My first question is whether step 4) in the first approach might be
needed?
In Burton's Elementary number theory, it is mentioned that if ax = c -
by (mod n), and gcd(a,n) = 1, then there is a unique solution for x
(mod n) for each of the n incongruent values of y (mod n).
Now is it plausible to say that in the worst case, we can have up to
n-1 points, incongruent in the y-coordinate, that validate both Ax +
By = C (mod n), and Dx + Ey = F (mod n), and still Ax + By = C (mod n)

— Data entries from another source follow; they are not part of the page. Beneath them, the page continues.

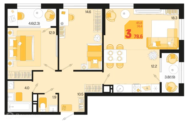 3 комн. квартира в Краснодаре в ипотеку от 84 575 руб/месяц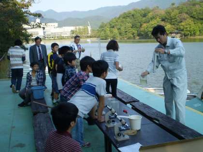 環境委員会所属の児童9名が,5・6年児童代表で,宝ケ池の水質検査に出かけました。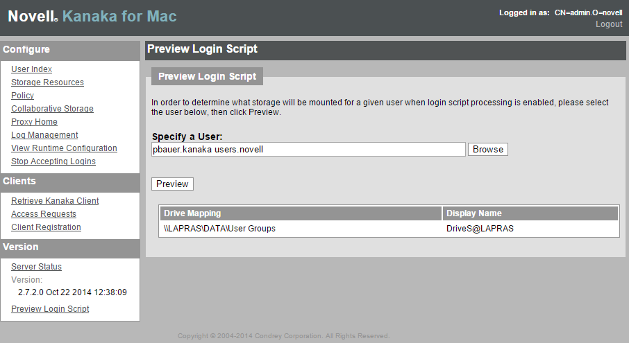 When you preview the login script parsing from the Kanaka User Interface, you see all the drive mappings that will occur for any particular user.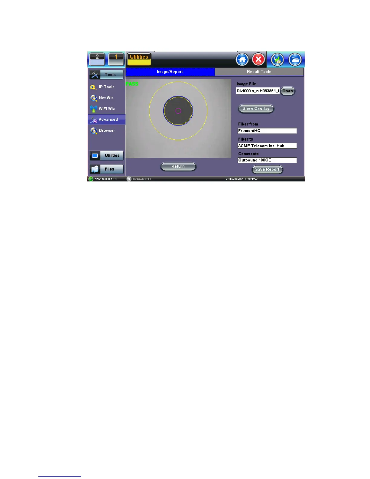 Save Report: Generates a test report for the selected file (html format). Test set can

and Dx + Ey = F (mod n) are not equivalent? If it is so, they maybe
that justifies step 4) in the first approach, in the case when C = 0.
My second question is, what if the problem was of this type: Ax + By =
C (mod n), then what is the equivalent of step 4) in the "first
approach".
For example, consider 3x + 7y = -5 (mod 11). To apply the "first
approach". First need to find points as in 2) and 3). take for example
x = -1, so 7y = -2 (mod 11), looking for the inverse of 7 in Z_11
gives 8, so 56y = -16 (mod 11), so y = -5 (mod 11). So (-1,-5) would
be a solution. but how one would go about step 4)?
Thanks in advance!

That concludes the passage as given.